On 7 February, after the Monetary Policy Review, the Central Bank had cut the repo rate by 25 basis points to 6.25 percent. SBI managing director PK Gupta told PTI that the 25 basis points deduction in repo rate could mean a 7 to 8 basis points cut in the MCLR for the lender. MCLR is the minimum interest rate set by the banks below which the cannot lend. A lower MCLR will be good for those looking to borrow money.
As for savings bank deposits, only those with a balance above Rs 1 lakh will be linked to the repo rate with the current effective rate being 3.50 percent per annum, that is 2.75 percent below the present repo rate.
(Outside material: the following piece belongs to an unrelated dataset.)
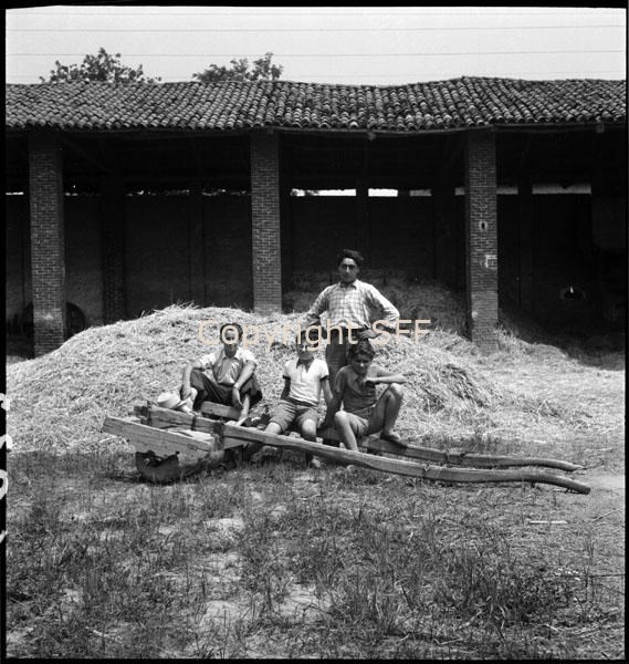 Ragazzi in posa con un rullo per terreno

All cash credit accounts and overdrafts with limits above Rs 1 lakh were also linked to the repo rate plus a spread of 2.25 percent.
Savings bank account holders with balances up to Rs 1 lakh and borrowers with cash credit accounts and overdraft limits up to Rs 1 lakh will be exempted from linkage to the repo rate the bank said, in order to insulate the small deposit-holders and small borrowers from the movement of external benchmarks.
The risk premia over and above this floor rate of 8.50 percent will be based on the risk profile of the borrower, as is the current practice, the bank said.